#### [Assignment]
The range to repeat runs from the line with "Roper 2497 Ribbon" to the last line below, both ends included; give it exactly and without pictures.

*** Opening of Records for this exercise ***

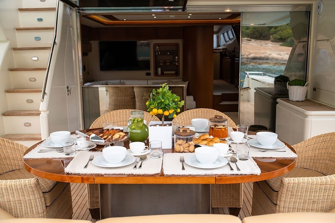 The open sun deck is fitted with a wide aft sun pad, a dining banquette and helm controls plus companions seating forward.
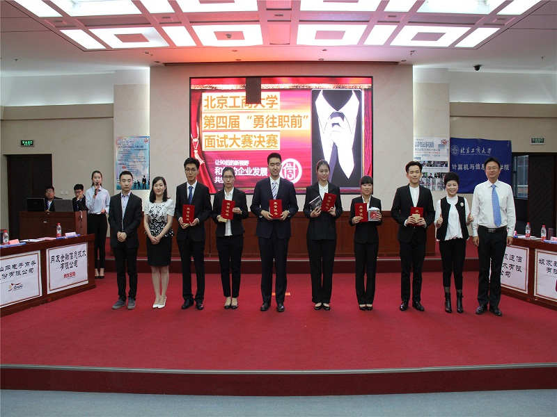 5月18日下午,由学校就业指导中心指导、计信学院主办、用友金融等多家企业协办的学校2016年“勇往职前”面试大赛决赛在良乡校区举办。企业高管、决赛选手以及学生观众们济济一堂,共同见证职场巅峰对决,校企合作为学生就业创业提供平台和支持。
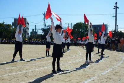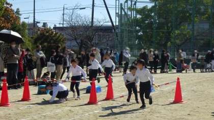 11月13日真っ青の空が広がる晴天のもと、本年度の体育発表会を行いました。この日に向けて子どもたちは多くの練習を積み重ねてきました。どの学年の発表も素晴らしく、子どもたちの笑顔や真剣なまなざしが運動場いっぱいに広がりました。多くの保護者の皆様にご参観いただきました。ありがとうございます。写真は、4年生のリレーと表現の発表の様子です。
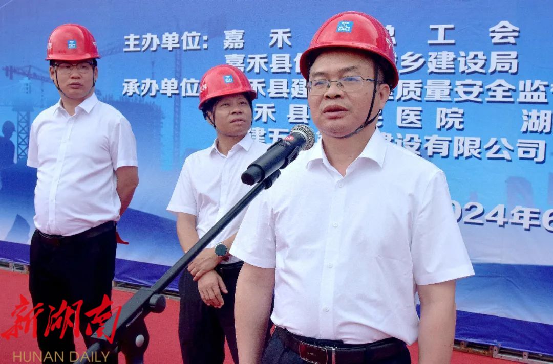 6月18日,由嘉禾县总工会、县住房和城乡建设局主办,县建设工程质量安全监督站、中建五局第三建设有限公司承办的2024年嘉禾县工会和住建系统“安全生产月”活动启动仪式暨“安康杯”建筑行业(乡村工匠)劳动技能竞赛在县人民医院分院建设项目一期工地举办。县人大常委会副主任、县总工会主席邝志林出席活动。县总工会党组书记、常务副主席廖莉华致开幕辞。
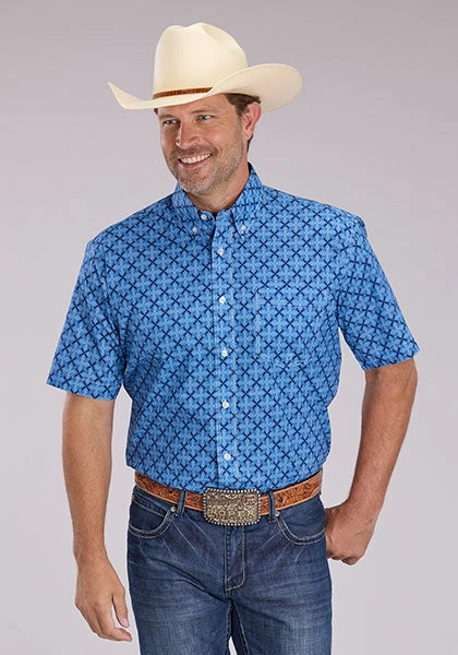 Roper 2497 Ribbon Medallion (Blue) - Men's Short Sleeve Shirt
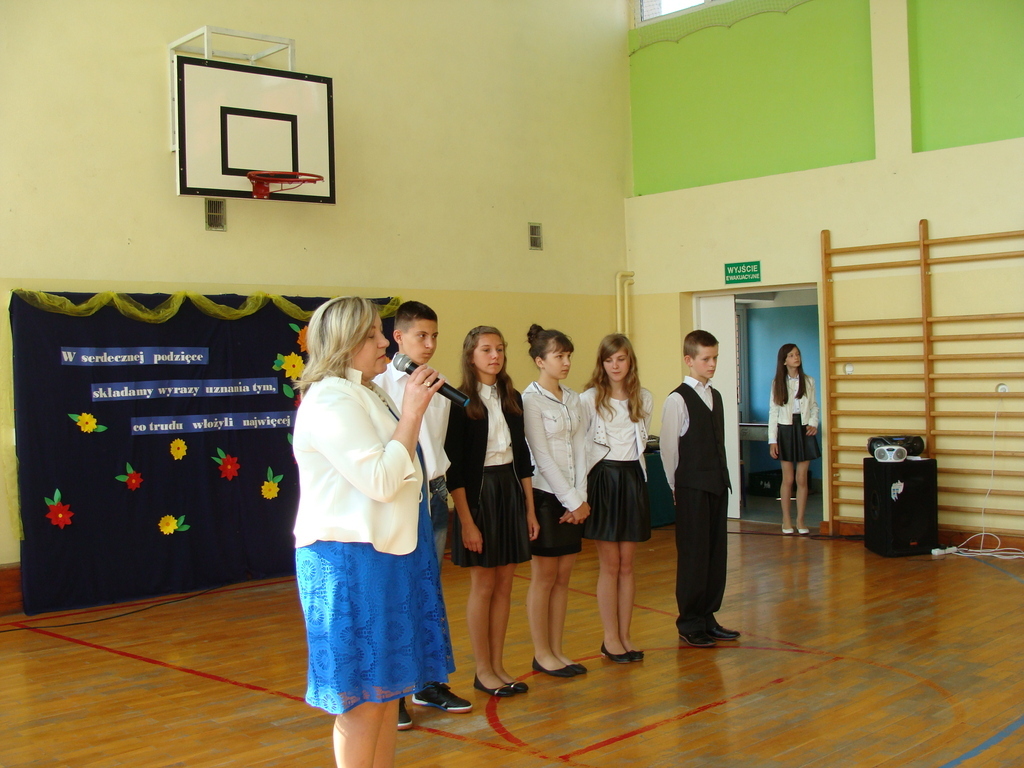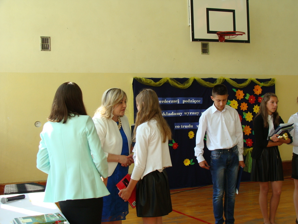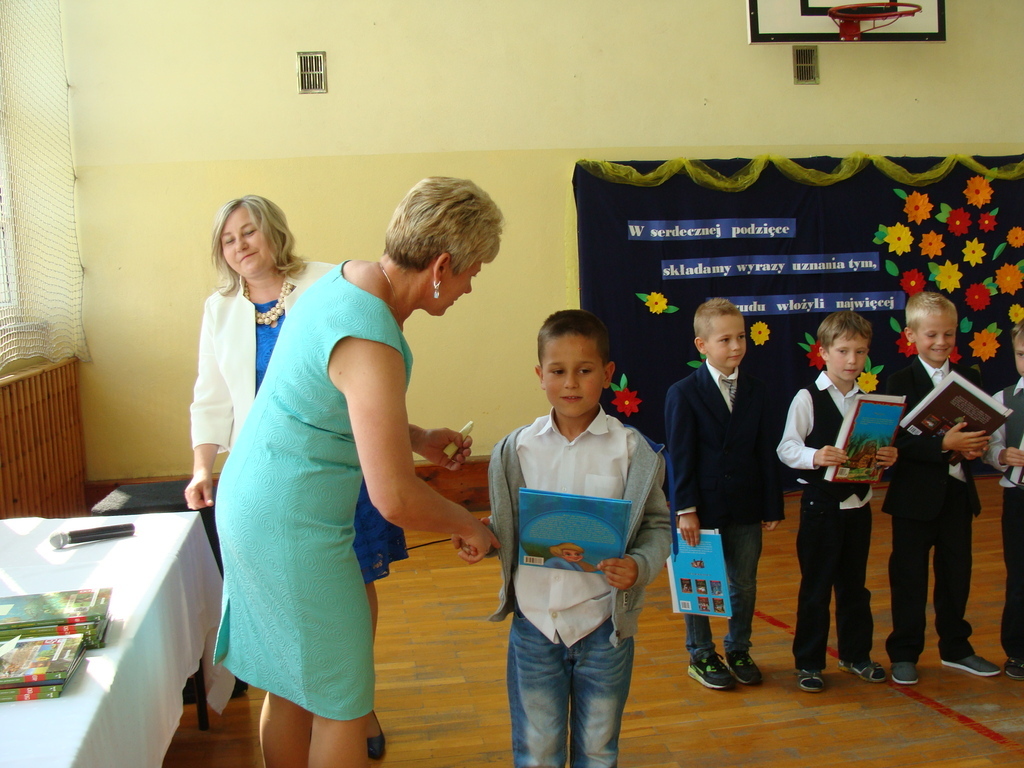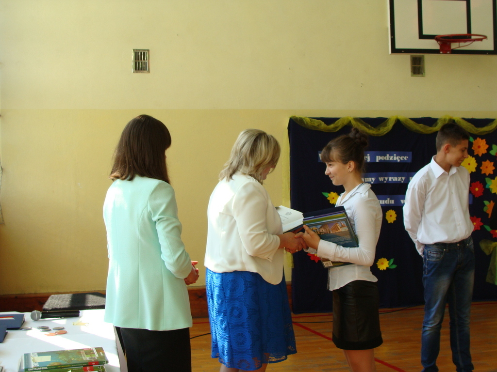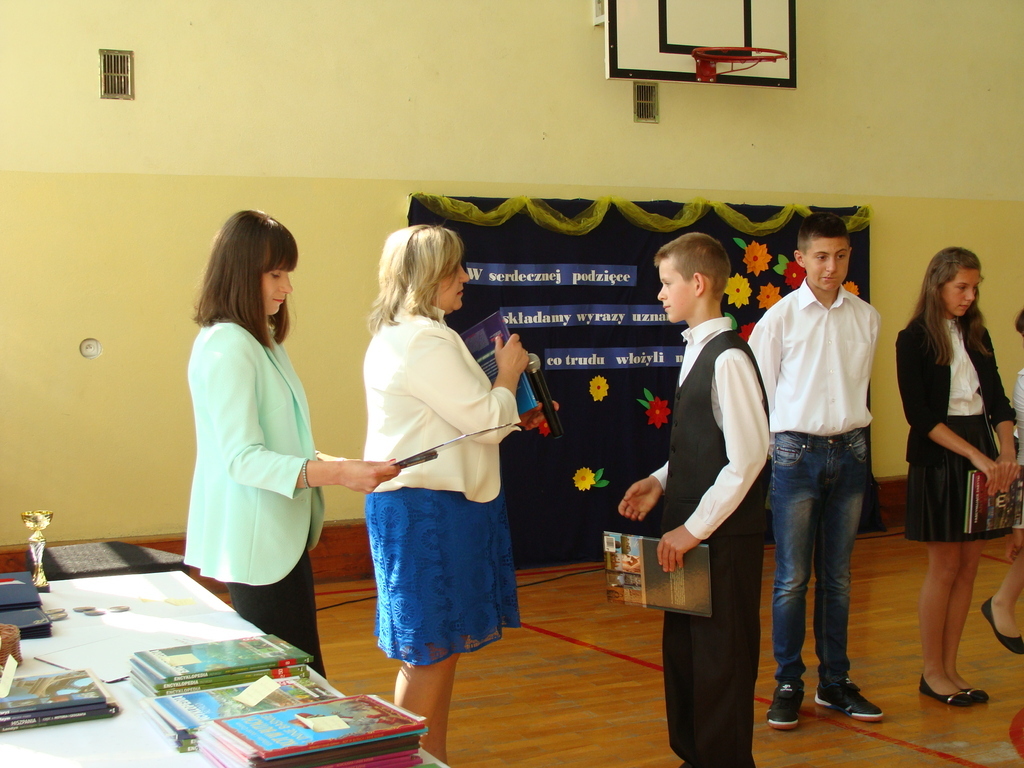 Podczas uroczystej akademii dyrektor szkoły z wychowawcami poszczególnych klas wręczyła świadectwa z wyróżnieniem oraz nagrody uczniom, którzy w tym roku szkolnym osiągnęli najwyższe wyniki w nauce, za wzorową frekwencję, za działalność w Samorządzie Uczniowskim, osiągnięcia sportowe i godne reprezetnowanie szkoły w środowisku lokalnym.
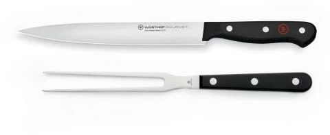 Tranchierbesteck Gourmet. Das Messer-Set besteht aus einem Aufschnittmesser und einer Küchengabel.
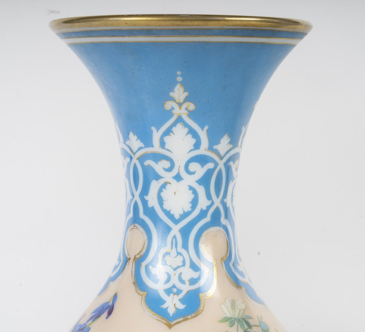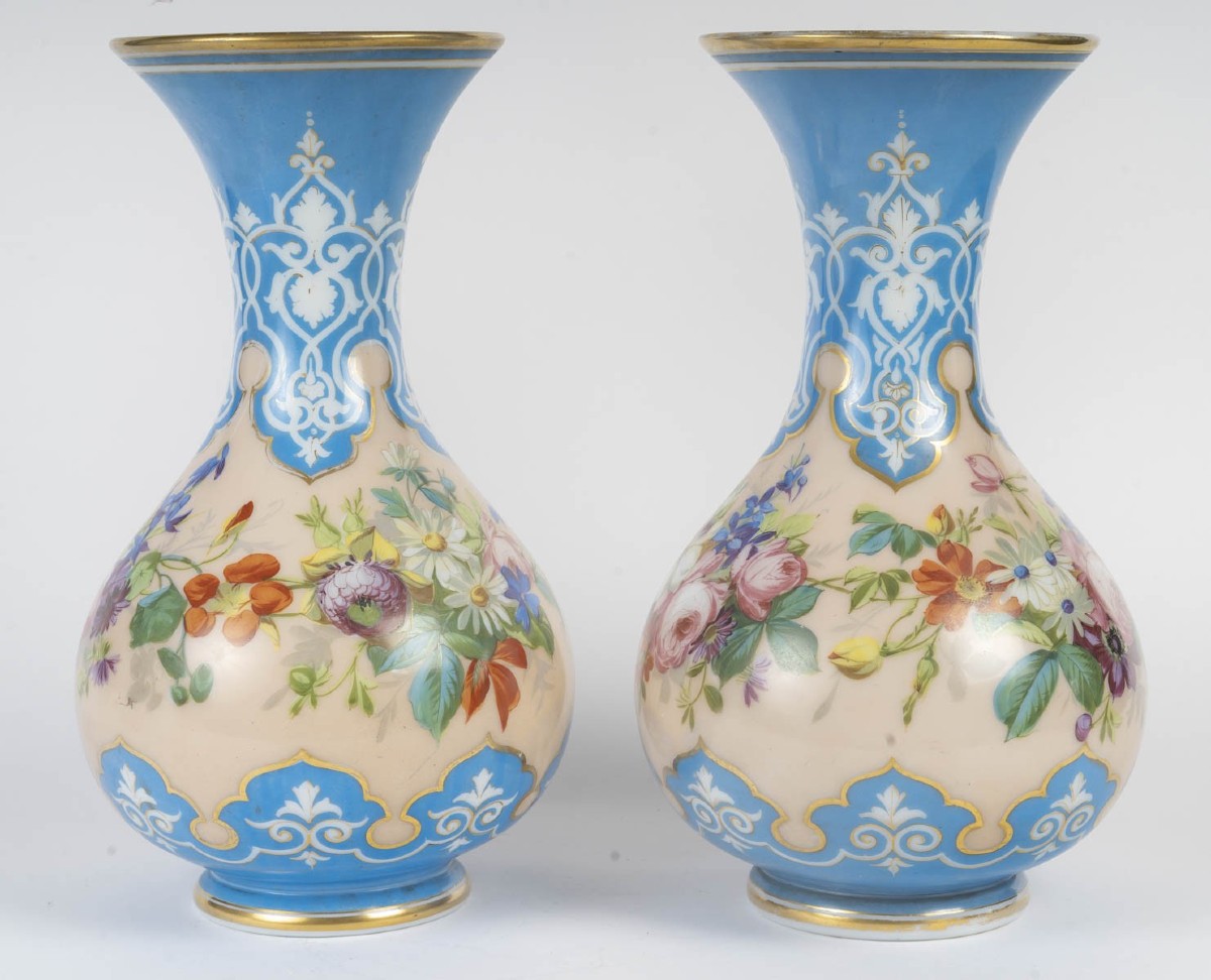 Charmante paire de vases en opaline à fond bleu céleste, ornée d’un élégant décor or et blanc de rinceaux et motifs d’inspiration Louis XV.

*** Close of Records for this exercise ***

#### [Solution to this task]
 Roper 2497 Ribbon Medallion (Blue) - Men's Short Sleeve Shirt
 Podczas uroczystej akademii dyrektor szkoły z wychowawcami poszczególnych klas wręczyła świadectwa z wyróżnieniem oraz nagrody uczniom, którzy w tym roku szkolnym osiągnęli najwyższe wyniki w nauce, za wzorową frekwencję, za działalność w Samorządzie Uczniowskim, osiągnięcia sportowe i godne reprezetnowanie szkoły w środowisku lokalnym.
 Tranchierbesteck Gourmet. Das Messer-Set besteht aus einem Aufschnittmesser und einer Küchengabel.
 Charmante paire de vases en opaline à fond bleu céleste, ornée d’un élégant décor or et blanc de rinceaux et motifs d’inspiration Louis XV.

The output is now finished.